From: Saravana Kannan
Date: Fri Jul 19 2019 - 00:19:06 EST


On Wed, Jul 17, 2019 at 10:37 PM Viresh Kumar <viresh.kumar@xxxxxxxxxx> wrote:
>
> I know you have explained lots of things earlier as well, but they are
> available over multiple threads and I don't know where to reply now :)
>
> Lets have proper discussion (once again) here and be done with it.
> Sorry for the trouble of explaining things again.
>
> On 17-07-19, 13:34, Saravana Kannan wrote:
> > On Wed, Jul 17, 2019 at 3:32 AM Viresh Kumar <viresh.kumar@xxxxxxxxxx> wrote:
> > > On 02-07-19, 18:10, Saravana Kannan wrote:
> > > > gpu_cache_opp_table: gpu_cache_opp_table {
> > > > compatible = "operating-points-v2";
> > > >
> > > > gpu_cache_3000: opp-3000 {
> > > > opp-peak-KBps = <3000>;
> > > > opp-avg-KBps = <1000>;
> > > > };
> > > > gpu_cache_6000: opp-6000 {
> > > > opp-peak-KBps = <6000>;
> > > > opp-avg-KBps = <2000>;
> > > > };
> > > > gpu_cache_9000: opp-9000 {
> > > > opp-peak-KBps = <9000>;
> > > > opp-avg-KBps = <9000>;
> > > > };
> > > > };
> > > >
> > > > gpu_ddr_opp_table: gpu_ddr_opp_table {
> > > > compatible = "operating-points-v2";
> > > >
> > > > gpu_ddr_1525: opp-1525 {
> > > > opp-peak-KBps = <1525>;
> > > > opp-avg-KBps = <452>;
> > > > };
> > > > gpu_ddr_3051: opp-3051 {
> > > > opp-peak-KBps = <3051>;
> > > > opp-avg-KBps = <915>;
> > > > };
> > > > gpu_ddr_7500: opp-7500 {
> > > > opp-peak-KBps = <7500>;
> > > > opp-avg-KBps = <3000>;
> > > > };
> > > > };
> > >
> > > Who is going to use the above tables and how ?
> >
> > In this example the GPU driver would use these. It'll go through these
> > and then decide what peak and average bw to pick based on whatever
> > criteria.
>
> Are you saying that the GPU driver will decide which bandwidth to
> choose while running at a particular frequency (say 2 GHz) ? And that
> it can choose 1525 or 3051 or 7500 from the ddr path ?
>
> Will it be possible to publicly share how we derive to these decisions
> ?

GPU is just an example. So I can't really speak for how a random GPU
driver might decide the bandwidth to pick.

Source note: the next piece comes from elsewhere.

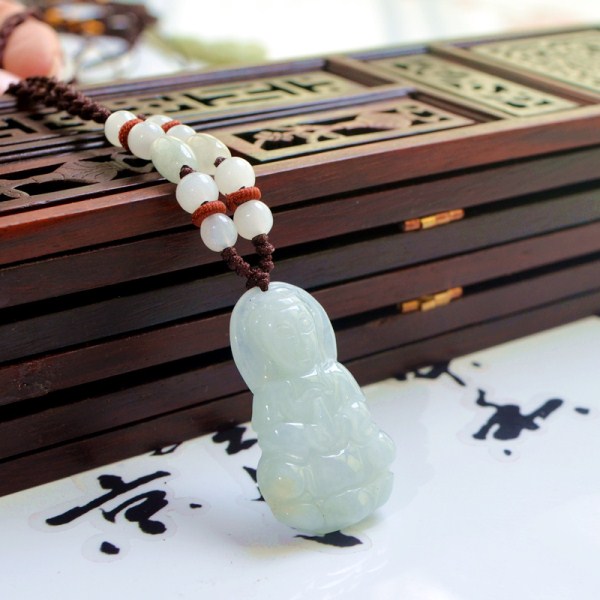正品缅甸玉石翡翠观音吊坠项链天然A货玉观音挂件男款玉佩证书

But one obvious way is to start at the lowest bandwidth and check the
bus port busy%. If it's > 80% busy, it'll pick the next bandwidth,
etc. So, something like what cpufreq ondemand or conservative governor
used to do.

> The thing is I don't like these separate OPP tables which will not be
> used by anyone else, but just GPU (or a single device).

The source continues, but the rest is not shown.